▸ Provided records
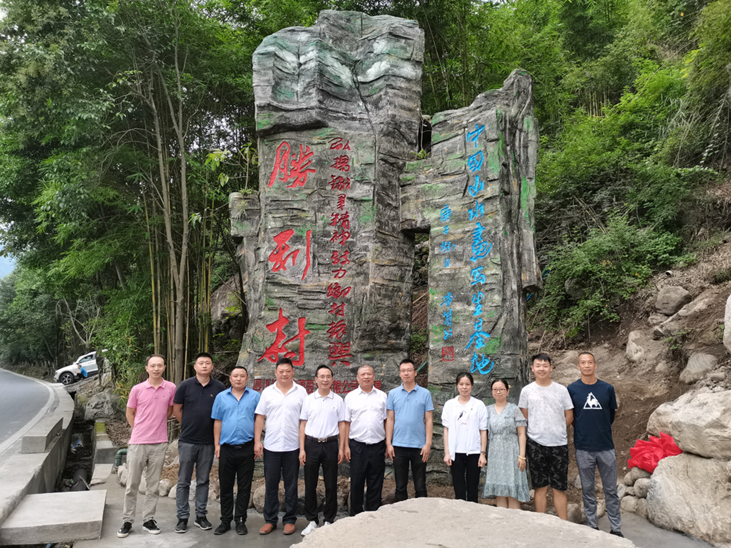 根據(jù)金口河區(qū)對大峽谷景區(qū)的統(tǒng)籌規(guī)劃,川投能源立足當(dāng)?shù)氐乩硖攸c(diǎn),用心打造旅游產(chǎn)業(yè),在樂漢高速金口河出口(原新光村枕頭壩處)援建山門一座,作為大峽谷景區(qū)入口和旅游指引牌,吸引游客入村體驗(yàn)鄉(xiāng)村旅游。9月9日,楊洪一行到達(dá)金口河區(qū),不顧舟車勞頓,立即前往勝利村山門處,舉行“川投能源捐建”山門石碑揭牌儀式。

* * *

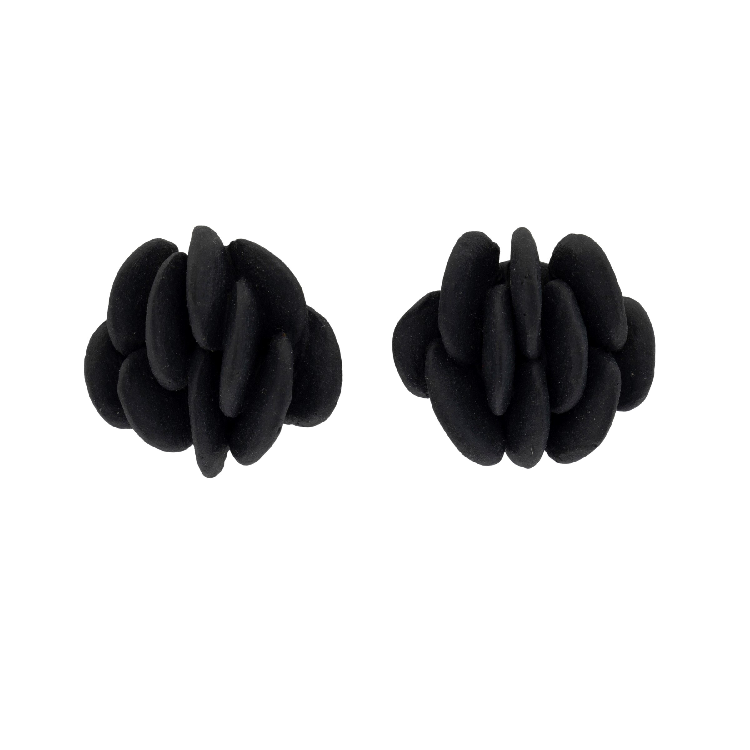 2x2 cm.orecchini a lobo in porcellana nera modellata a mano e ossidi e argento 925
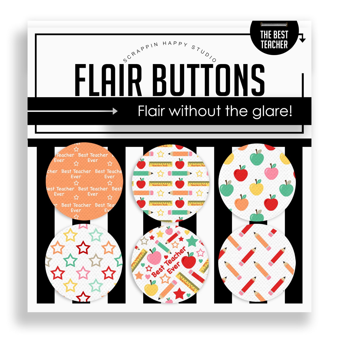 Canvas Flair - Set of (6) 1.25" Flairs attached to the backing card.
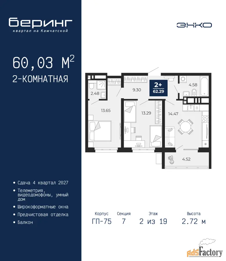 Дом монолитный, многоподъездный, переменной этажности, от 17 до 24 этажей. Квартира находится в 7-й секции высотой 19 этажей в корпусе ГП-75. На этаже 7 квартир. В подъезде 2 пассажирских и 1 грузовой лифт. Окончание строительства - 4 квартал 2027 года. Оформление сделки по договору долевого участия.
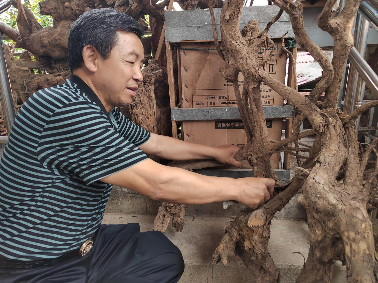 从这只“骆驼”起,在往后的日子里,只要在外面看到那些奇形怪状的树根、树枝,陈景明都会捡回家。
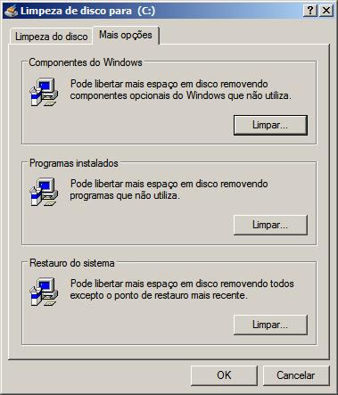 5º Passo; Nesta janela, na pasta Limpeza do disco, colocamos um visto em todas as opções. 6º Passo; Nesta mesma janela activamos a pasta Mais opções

▸ Your assignment
Above are the records. Copy word for word only their lines from the one holding "Дом монолитный, многоподъездный, переменной" through the one holding "5º Passo; Nesta", both included, and skip the images.

▸ Task solution
 Дом монолитный, многоподъездный, переменной этажности, от 17 до 24 этажей. Квартира находится в 7-й секции высотой 19 этажей в корпусе ГП-75. На этаже 7 квартир. В подъезде 2 пассажирских и 1 грузовой лифт. Окончание строительства - 4 квартал 2027 года. Оформление сделки по договору долевого участия.
 从这只“骆驼”起,在往后的日子里,只要在外面看到那些奇形怪状的树根、树枝,陈景明都会捡回家。
 5º Passo; Nesta janela, na pasta Limpeza do disco, colocamos um visto em todas as opções. 6º Passo; Nesta mesma janela activamos a pasta Mais opções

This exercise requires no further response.